"Yes, and I can see it, too, like a flake of gold against the pale purple of the sky. It is so high that it soars in the bright rays of the sun, while we below are in the twilight shade. And now it is descending again, and the air is filled with its song. Hark to the rain of melody which it showers down upon us."

They listened enraptured, while the bird poured forth its flood of song. When at length it ceased, and the two walked home in the deepening twilight, the poet said:—

"We shall never know just what it was that sang so gloriously. But, Mary, what do you think is most like it?"

"A poet," she answered. "There is nothing so like it as a poet wrapt in his own sweet thoughts and singing till the world is made to sing with him for very joy."

"And I," said he, "would compare it to a beautiful maiden singing for love in some high palace tower, while all who hear her are bewitched by the enchanting melody."

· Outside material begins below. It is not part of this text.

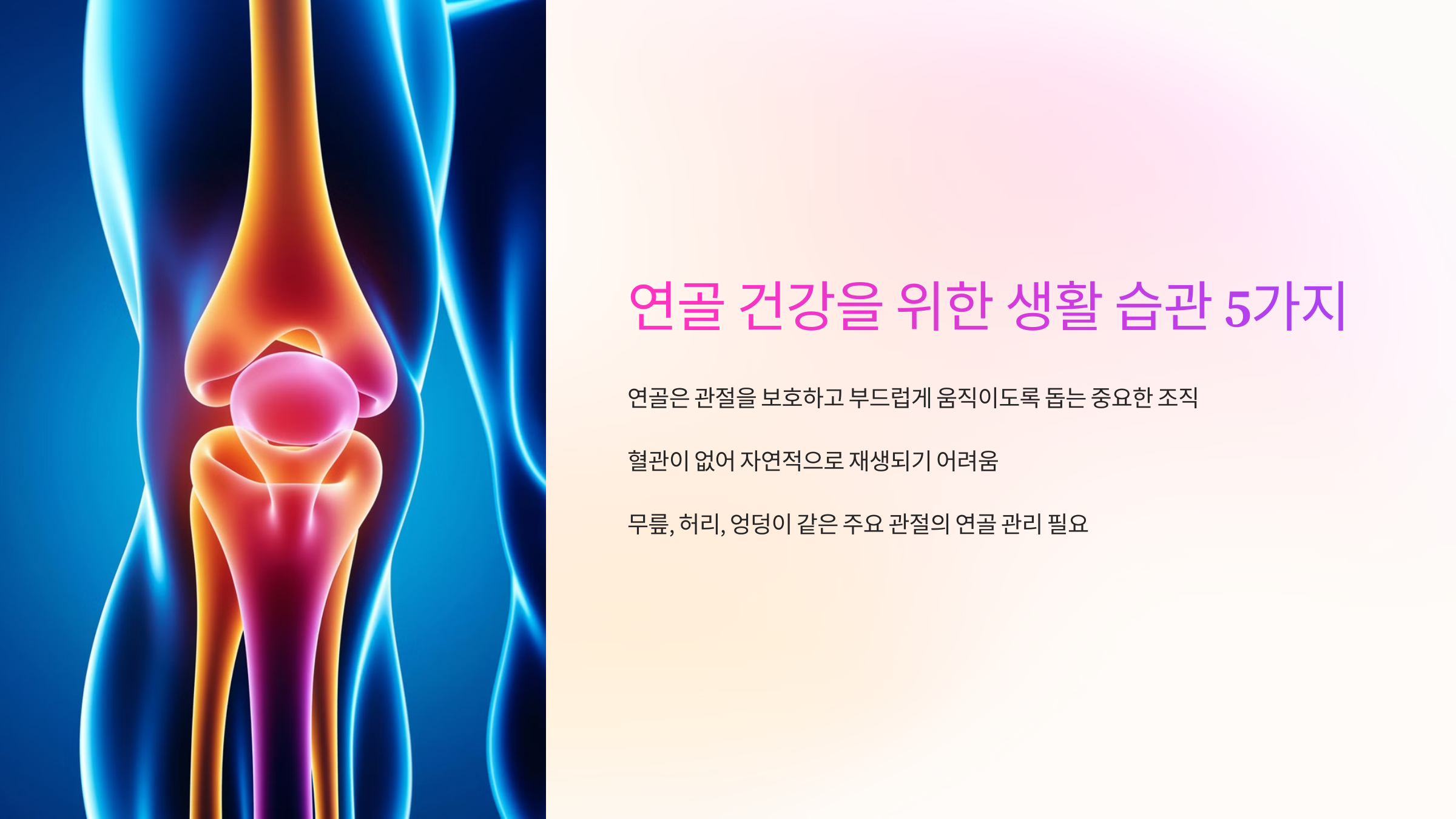 오늘은 연골 건강을 지키는 5가지 생활 습관을 소개할게요. 무릎 관절부터 허리까지 건강하게 유지하는 방법을 함께 알아봐요!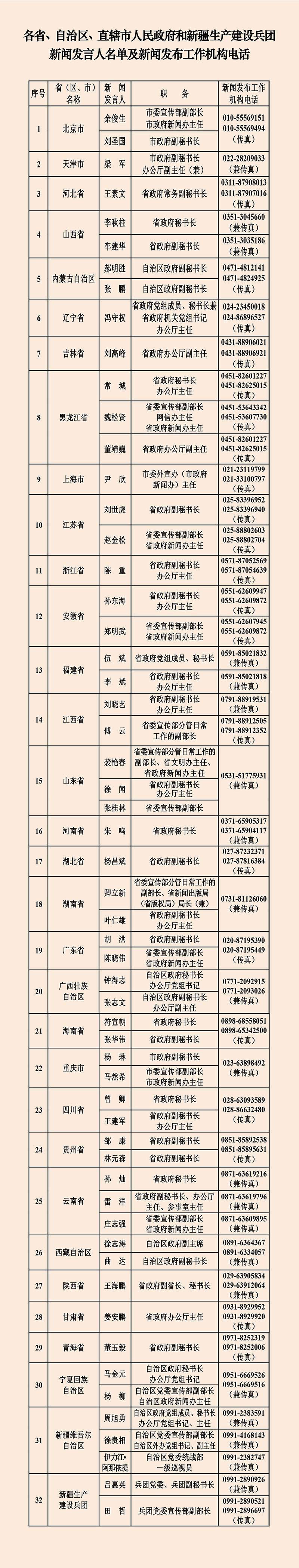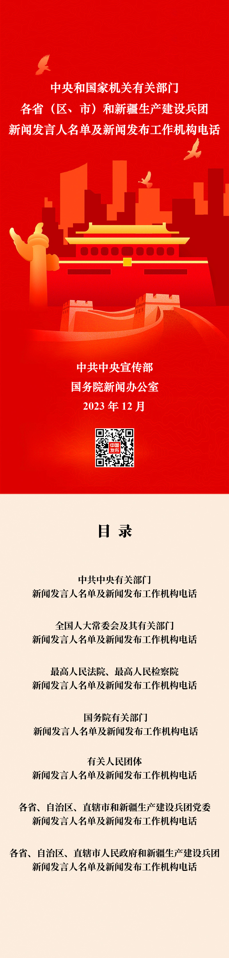 12月14日,国新办官网公布中央国家机关和地方2024年新闻发言人名录。

"And I," said she, "would compare it to a red, red rose sitting among its green leaves and giving its sweet perfumes to the summer breezes."

"You speak well, Mary," said he; "but let me make one other comparison. Is it not like a glowworm lying unseen amid the grass and flowers, and all through the night casting a mellow radiance over them and filling them with divine beauty?"

The Song of the Lark.

"I do not like the comparison so well," was the answer. "Yet, after all, there is nothing so like it as a poet—as yourself, for instance."